HOW TO COMPLETE THIS TASK
Nothing outside the lines below from the one containing "Our Studio Kitchenette" through the one containing "river. | |||||||" is to be printed; print those exactly, ends included, and drop the pictures.

PROVIDED RECORDS
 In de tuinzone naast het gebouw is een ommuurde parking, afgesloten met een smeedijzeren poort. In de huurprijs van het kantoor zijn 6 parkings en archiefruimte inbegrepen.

---

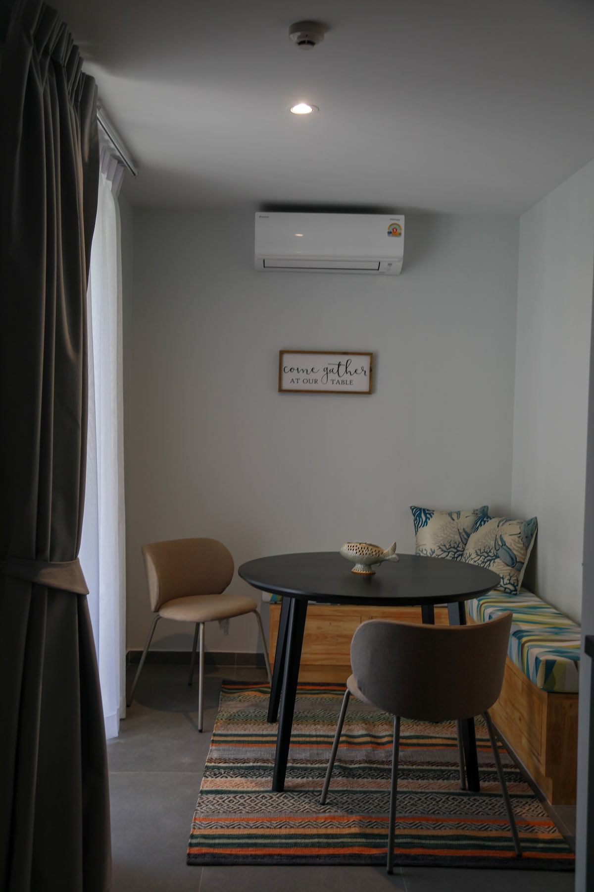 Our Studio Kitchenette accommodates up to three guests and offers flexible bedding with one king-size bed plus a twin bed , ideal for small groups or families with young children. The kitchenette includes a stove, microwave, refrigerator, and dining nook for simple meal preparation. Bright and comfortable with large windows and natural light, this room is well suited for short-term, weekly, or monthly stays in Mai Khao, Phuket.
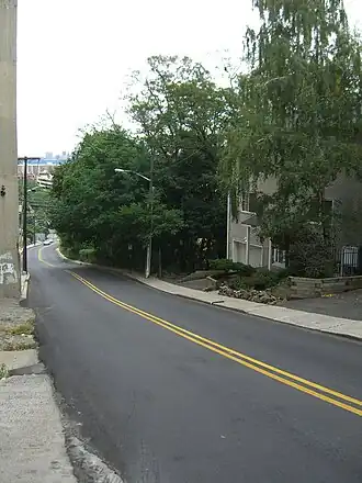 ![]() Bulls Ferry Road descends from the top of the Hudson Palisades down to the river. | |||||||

...

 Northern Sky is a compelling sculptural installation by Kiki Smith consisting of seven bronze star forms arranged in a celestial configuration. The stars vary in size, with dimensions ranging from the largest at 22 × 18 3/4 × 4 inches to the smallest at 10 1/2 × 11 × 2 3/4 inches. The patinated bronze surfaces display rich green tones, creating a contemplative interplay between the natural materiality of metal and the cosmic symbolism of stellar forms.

EXPECTED ANSWER
 Our Studio Kitchenette accommodates up to three guests and offers flexible bedding with one king-size bed plus a twin bed , ideal for small groups or families with young children. The kitchenette includes a stove, microwave, refrigerator, and dining nook for simple meal preparation. Bright and comfortable with large windows and natural light, this room is well suited for short-term, weekly, or monthly stays in Mai Khao, Phuket.
 ![]() Bulls Ferry Road descends from the top of the Hudson Palisades down to the river. | |||||||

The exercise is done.